On Tue, Mar 18, 2025 at 07:13:20PM +0530, Nilay Shroff wrote:
> 
> 
> On 3/17/25 7:10 PM, kernel test robot wrote:
> > 
> > 
> > Hello,
> > 
> > kernel test robot noticed "INFO:task_blocked_for_more_than#seconds" on:
> > 
> > commit: f35c9ef2ba17842de59176b29df32999803bd9fa ("[PATCHv6 6/7] block: protect wbt_lat_usec using q->elevator_lock")

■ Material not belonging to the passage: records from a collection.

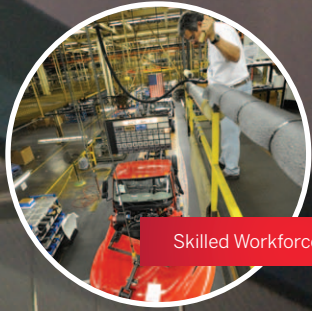
→ Skilled Workforce
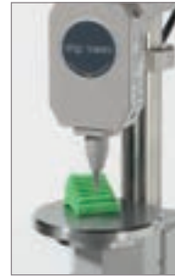
Shore D / C / D0 for finished parts
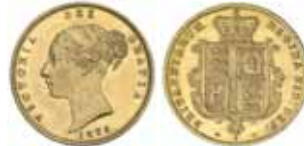
1268* Queen Victoria , 1875 Sydney. Good extremely fine and rare in this condition.
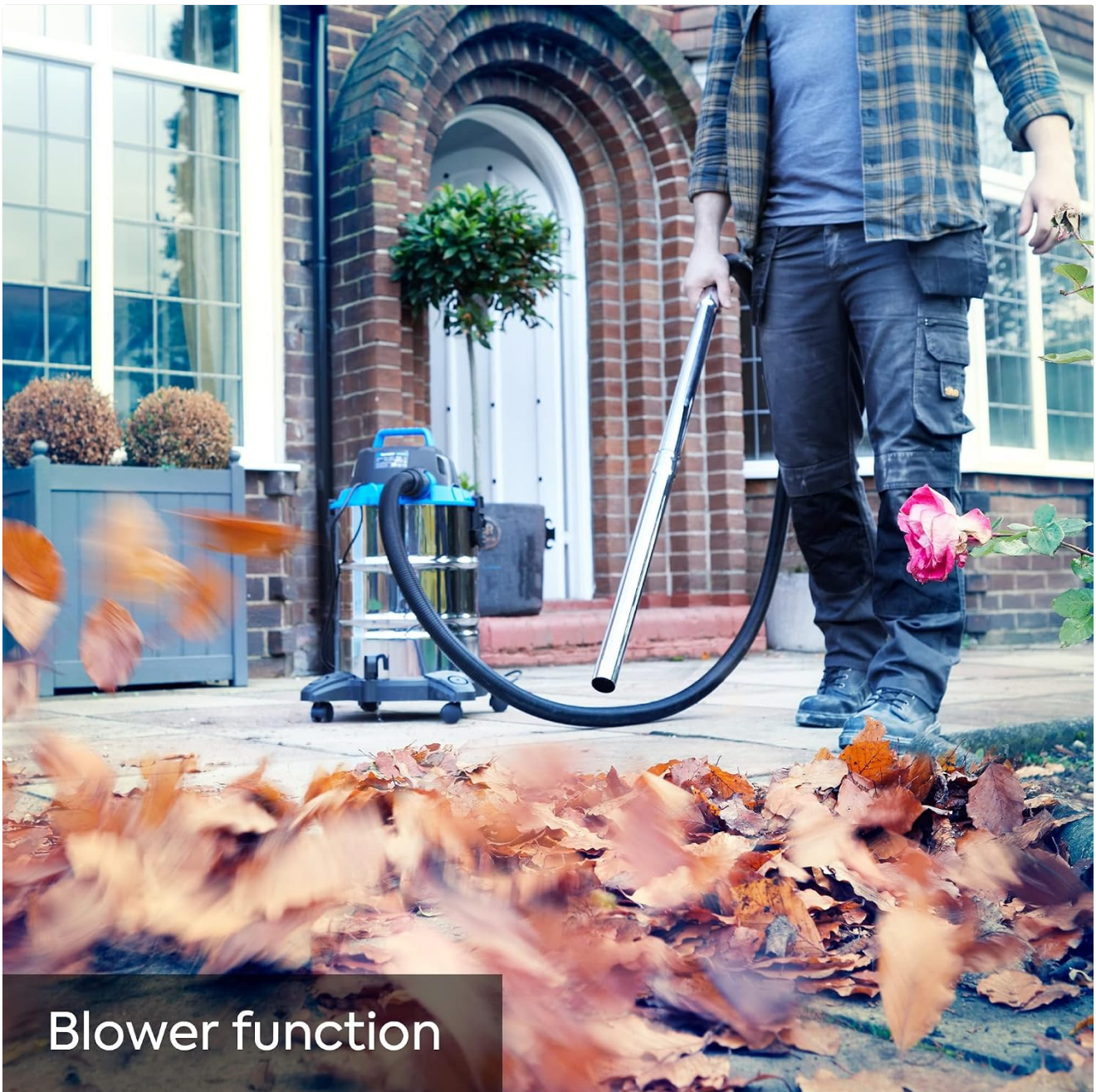
Image: The Vacmaster VQ1530SFDC utilizing its blower function to clear leaves from an outdoor area.
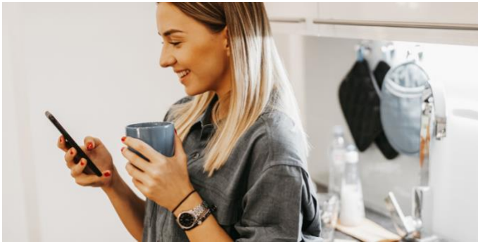
Social media for creatives Tuesday 6 June, 5pm-7pm (online)
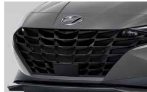
Black Radiator Grille
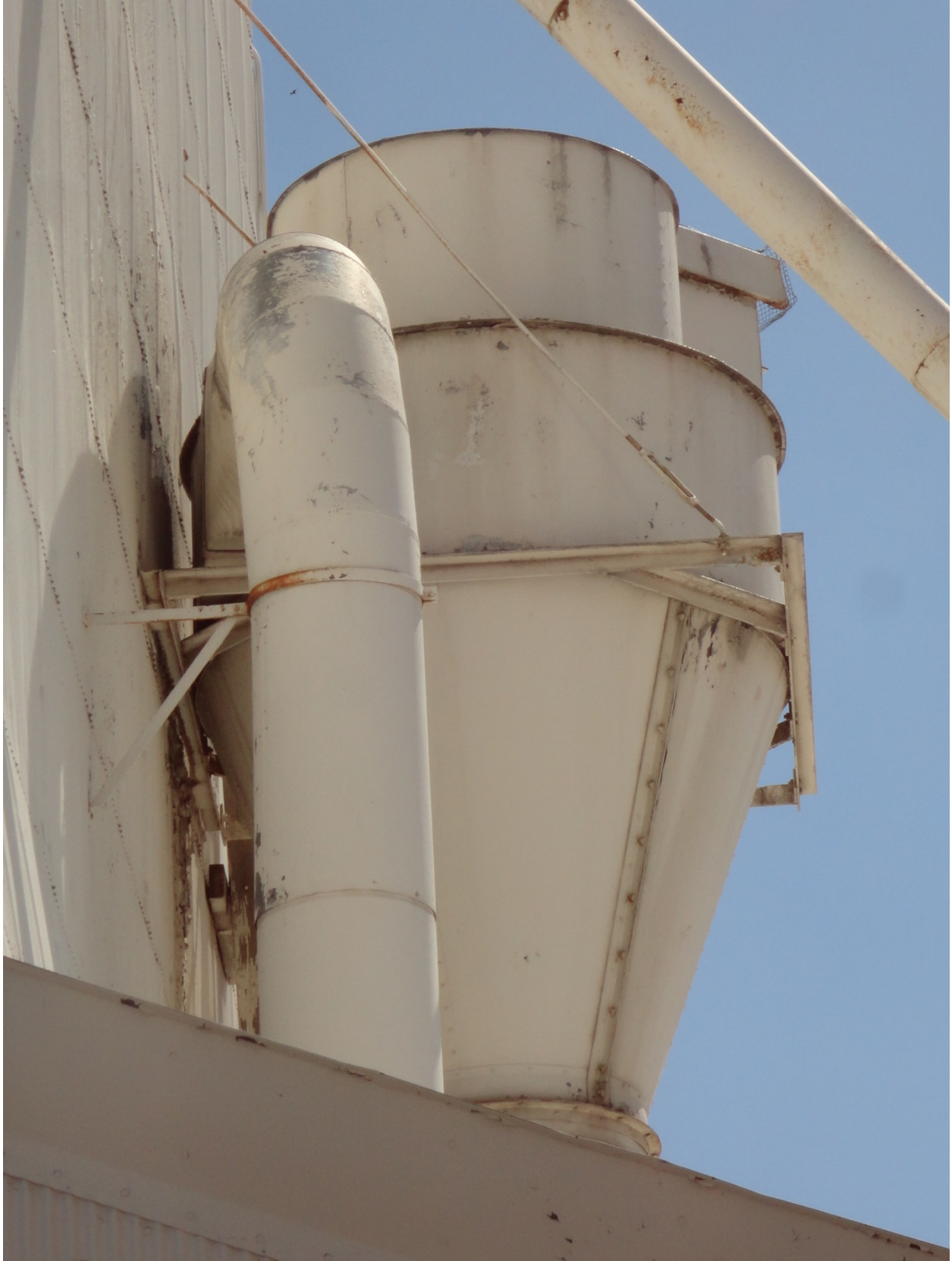
Figure 22: Close-up roof top equipment
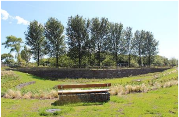
Fig 8: Bench and path linking footpaths
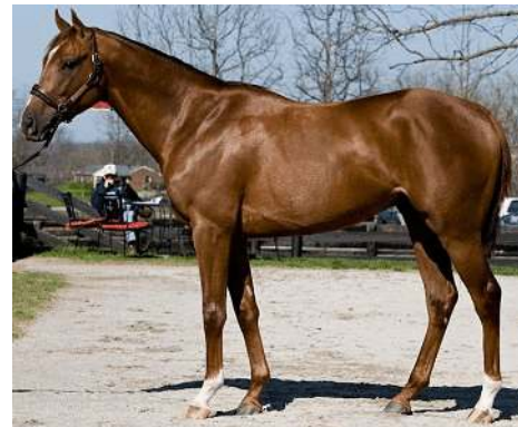
Hip 22 EquiSport
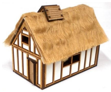
The finished model.
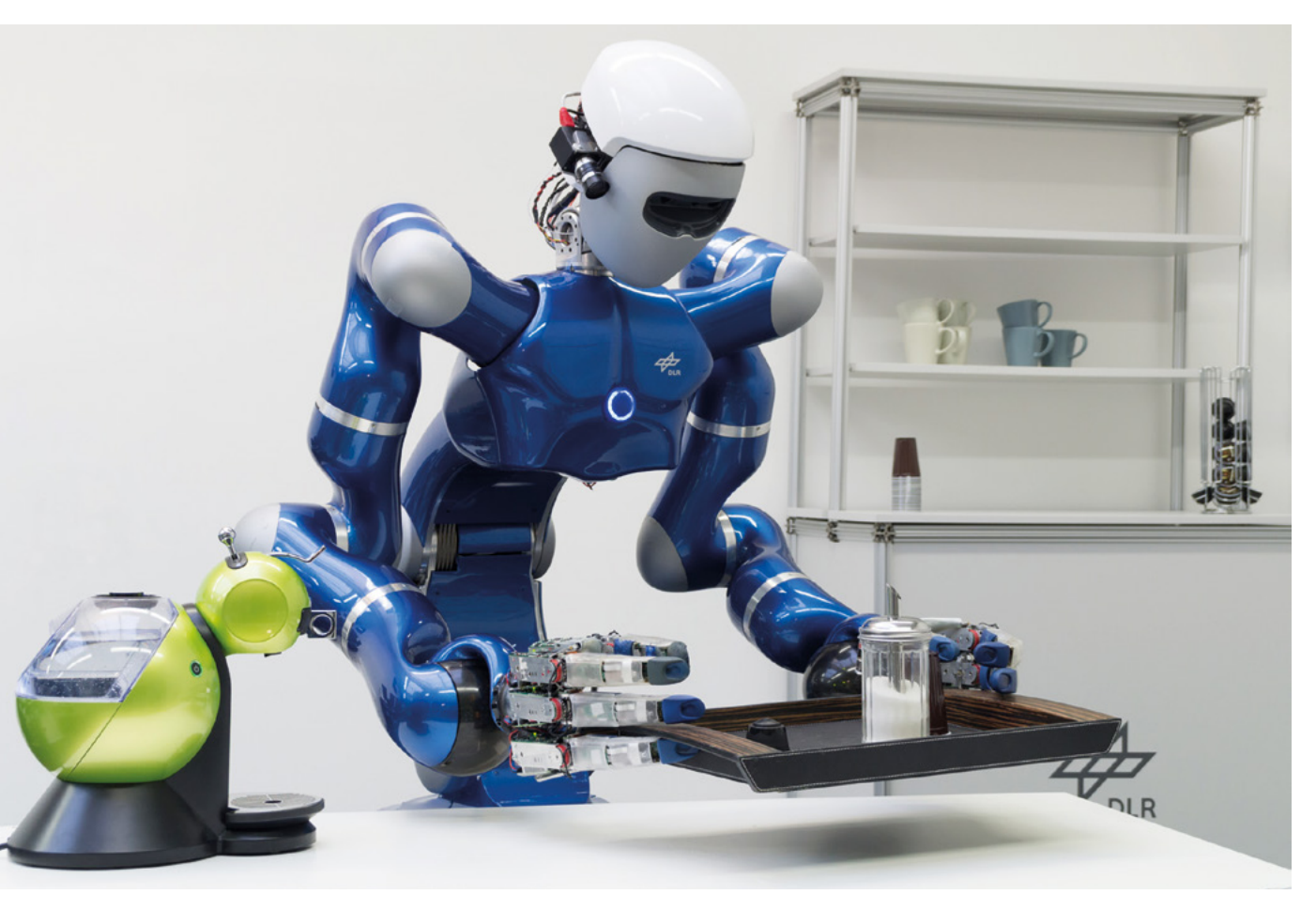
The Federal Government specifically promotes research into, and the introduction of, new technologies.

technology, for example through state anchor contracts, in order to maintain and build on its own research and development capabilities in critical technologies.

> > url: https://github.com/intel-lab-lkp/linux/commits/Nilay-Shroff/block-acquire-q-limits_lock-while-reading-sysfs-attributes/20250304-182738
> > base: https://git.kernel.org/cgit/linux/kernel/git/axboe/linux-block.git for-next
> > patch link: https://lore.kernel.org/all/20250304102551.2533767-7-nilay@xxxxxxxxxxxxx/
> > patch subject: [PATCHv6 6/7] block: protect wbt_lat_usec using q->elevator_lock
> > 
> > in testcase: fio-basic
> > version: fio-x86_64-3.38-1_20250308
> > with following parameters:
> > 
> > 	runtime: 300s
> > 	disk: 1HDD
> > 	fs: btrfs
> > 	nr_task: 100%
> > 	test_size: 128G
> > 	rw: randwrite
> > 	bs: 4M
> > 	ioengine: posixaio
> > 	cpufreq_governor: performance
> > 
> > 
> > 
> > config: x86_64-rhel-9.4
> > compiler: gcc-12
> > test machine: 64 threads 2 sockets Intel(R) Xeon(R) Gold 6346 CPU @ 3.10GHz (Ice Lake) with 256G memory
> > 
> > (please refer to attached dmesg/kmsg for entire log/backtrace)
> > 
> > 
> > 
> > If you fix the issue in a separate patch/commit (i.e. not just a new version of
> > the same patch/commit), kindly add following tags
> > | Reported-by: kernel test robot <oliver.sang@xxxxxxxxx>
> > | Closes: https://lore.kernel.org/oe-lkp/202503171650.cc082b66-lkp@xxxxxxxxx
> > 
> > 
> > [  991.017071][  T472] INFO: task umount:12320 blocked for more than 491 seconds.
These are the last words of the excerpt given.